Мулла с усмешкой достал с полки тяжелый Алькоран в кожаном, окованном переплете и положил его на чашку весов; на другую насыпал до краев серебряной и золотой монеты и поднял весы кверху. Большие меджидие19 и червонцы перетянули священную книгу, и Абдуррахман с презрением швырнул ее на пол. Он насыпал отобранные у Сеид-Саттара деньги в мешок и вышел на улицу. Лунная ночь напомнила ему такую же ночь, бывшую нисколько недель назад, когда он обманул и запугал легковерного и невежественного барышника, и Абдуррахман торжествующе улыбнулся. Он был победителем. Полная луна, сиявшая в вышине, казалась ему огромным червонцем чистейшего золота, а на душе его и в карманах сверкали такие же крупные золотые звезды, как на небе. Только его звезды никогда не погасали, звенели мелодической музыкой, и их можно было ощупать руками. В них не было никакой таинственности, хотя происхождение их было также несколько сомнительно и не для всех ясно. За все небесные сокровища Абдуррахман не отдал бы земных. Миллиарды, рассыпанные по небу, не стоили горсти его неподдельного золота.
Но куда прятал мулла свои сокровища?
О, его клад был зарыт в надежном месте. Он копил его долго, пополнял новыми вкладами и ходил изредка полюбоваться на свое богатство. Оно ждало его и теперь, но вот уже около года, как мулла из предосторожности не посещал своей сокровищницы...
Золото было замуровано в стене поруганного святилища, которое, как злые духи, сторожили суеверие и невежество, окружая его кровавыми преданиями и страшными легендами.
Абдуррахман вспомнил о призраке монаха-разбойника, появлявшемся в покинутой Ак-Мечети, и громко расхохотался.

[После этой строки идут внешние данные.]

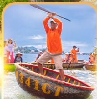
เรือกระด้ง
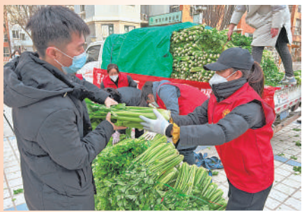
社区为居民免费分发蔬菜。
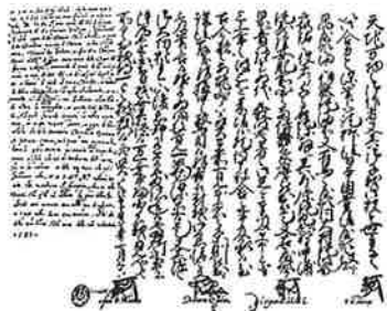
▲ベネチア宛ての感謝状「原マルチノ物語」より
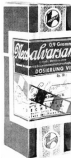
Imagen 4. Imagen tomada vanguardia liberal 1925 355
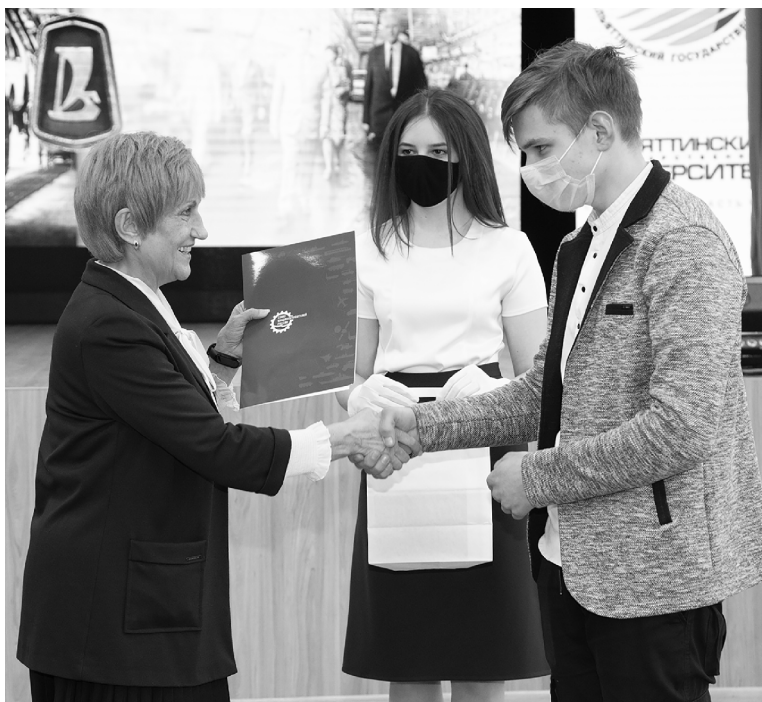
■ Впервые «Поляковские чтения» прошли на базе ТГУ

Б удущие инженеры, конструкторы, учёные сделали свои первые шаги в профессию. В опорном Тольяттинском государственном университете (ТГУ) состоялся региональный конкурс инженерных проектов «Поляковские чтения». В нём приняли участие более 30 школьников и студентов колледжей.
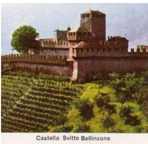
Castello Svitto Bellinzona
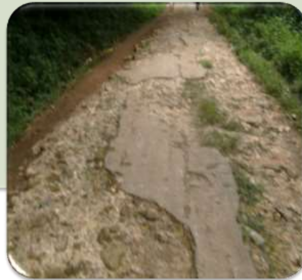
CAMINOS RURALES EN MAL ESTADO
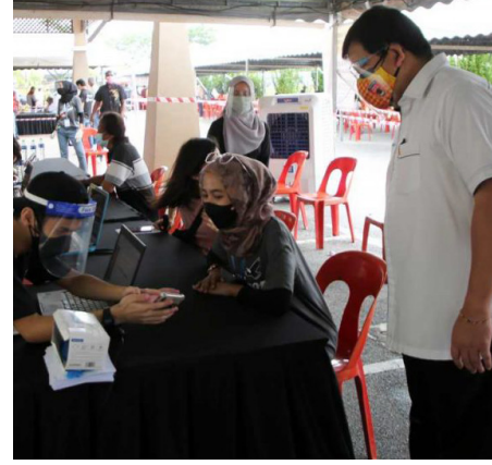
கோலாலம்பூர் மருத்துவமனை, கிள்ளான், துங்கு அம்புவான் ரஹிமா மருத்துவமனை, ஷா ஆலம் மருத்துவமனை, மலாக்கா மருத்துவமனை, கோத்தா

மற்றும் உன்னத வாழ்வுக்கு சிறப்பாக சேவையாற்றும் மருத்துவ சேவைக்கு நாடு அளிக்கும் அங்கிகாரத்துக்கான அளவு கோளாக பார்க்க வேண்டும். இம்மாதம் 26ஆம் தேதி நாடு தழுவிய அளவில் மறியலில் ஈடுபட்டனர். இந்த மறியலில் இருபதுக்கும் மேற்பட்ட அரசாங்க மருத்துவமனைகளில் பணியாற்றும் மருத்துவர்கள் பங்கேற்றனர். ஒப்பந்த மருத்துவர்களுக்கு நிரந்தர பணி நியமனம், நிரந்தர மருத்துவர்களுக்கு இணையான சம்பளம், சலுகைகள் மற்றும் விடுமுறை வழங்கப்பட வேண்டும் என்ற கோரிக்கைகளை முன்வைத்து மருத்துவர்கள் இந்த மறியல் போராட்டத்தை நடத்தினர்.
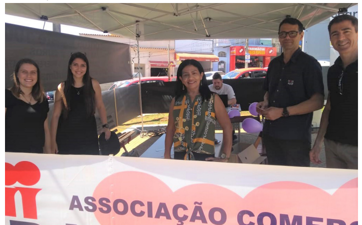
Presidente da ACIP, gerente comercial e funcionários da Prefeitura durante ação na praça
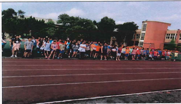
說明:全校在母親節前夕練唱感恩歌曲
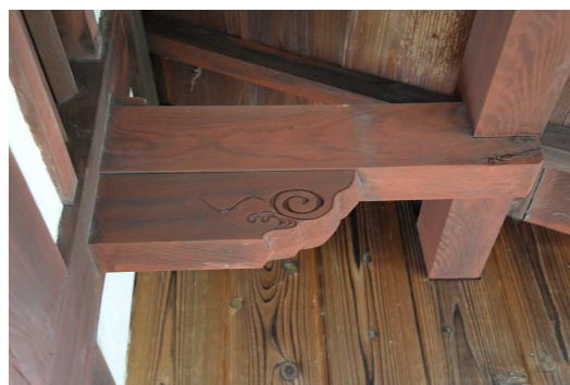
屋根を支える腕木
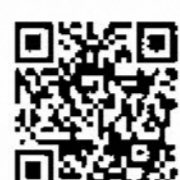
豊島区安全安心メール登録用QRコード
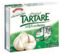
Tartare Ail & Fines Herbes 100 g
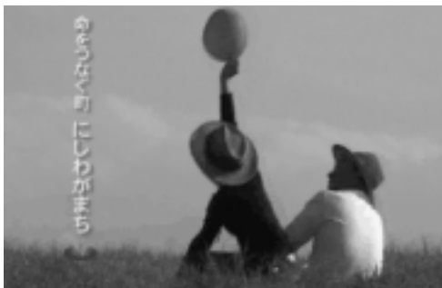
「命をつないで」のひとコマ

12月6日、岩手朝日テレビが行う「ふるさとCM大賞in I W A T E 2009」の審査会が盛岡市のアイーナ（いわて県民情報交流セ
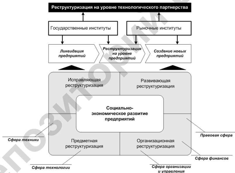
Рисунок 1 – Процедурное содержание реструктуризации

Реструктуризация льноперерабатывающих предприятий – процесс комплексной адаптации производительных сил к закономерностям функционирования рыночной экономики, проявляющийся в реструктуризации на уровне технологического партнерства в соответствии с возможной процедурой перелива ресурсов с целью повышения эффективности выпуска конечной продукции. Процедурное содержание реструктуризации льноперерабатывающих предприятий отражено на рисунке 1.
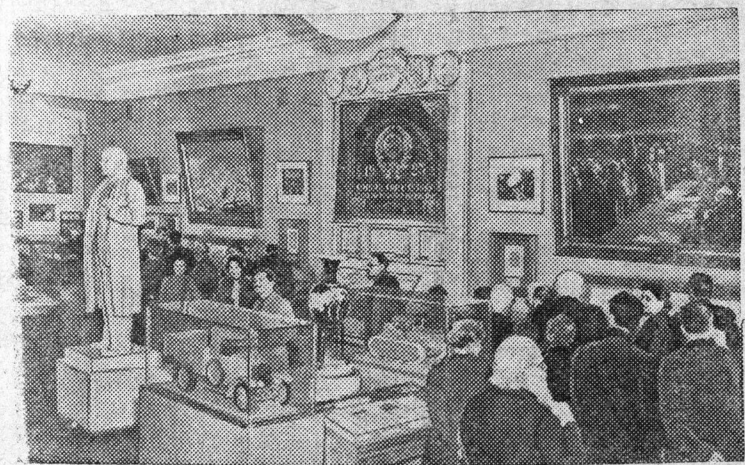
Москва. В Государственном музее революции СССР шесть новых залов. В них размещены материалы, собранные в период иностранной интервенции и гражданской войны (1918—1920 гг.). Экспозиция четвертого и шестого залов характеризована словами «Оружием мы га, трудом мы добудем за работу, товарищи!» выставленные в этих залах посвящены периоду борьбы на путь восстановления и развития (1921—1929 гг.). На снимке: посетители из новых залов музея. * * *

В заключение доклада докладчик выразил уверенность, что районная партийная организация имеет организовать активную работу рабочих, колхозников, инженерно-технических работников, специалистов хозяйства и служащих в жизни и труде, поставленных правительством перед партией и народом задач промышленности и сельского хозяйства.
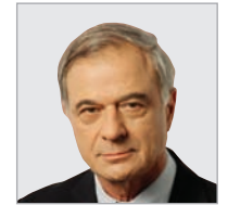
לין. "תומך בזכות העובד לבחור"

Мшистые, потрескавшееся и обветренные своды старой мечети тонули В глубоком мраке. Узкие полосы лунного света падали из решетчатых окон на плиты каменного пола и дрожали фосфорическим пятном в темной вышине, огромного купола. В черной нише задней стены, точно арабские письмена, также змеилась полоска таинственных лучей, проникавших сквозь узкую, извилистую трещину. Уже много лет, как пестрая ткань не закрывала этого опустевшего и голого углубления храма, где когда-то хранился священный Алькоран. Тяжелые прутья заржавевшего железа, жалкие остатки роскошных люстр, опускались со сводов. Высокая кафедра для проповедника, похожая на маленькую часовню, потеряла свои прежние краски, и ступени ее длинной лестницы подгнили и провалились. Перил не было уже давно. На резных и массивных хорах, поддержанных витыми колонками, ютились и лазили летучие мыши, темные изжелта-серые, как густая пыль, покрывавшая вековые, поседевши своды. В мечети пахло сыростью и тленьем, точно в заброшенном могильном склепе. Безмолвие и пустота царили кругом, а лунный свет, местами скользивший по храму, еще более выделял густую тень ночного мрака, обращавшего в глухое подземелье когда-то сиявшую и торжественную церковную залу. В тишине было слышно, как где-то падали на камень тяжелые капли просачивавшейся воды...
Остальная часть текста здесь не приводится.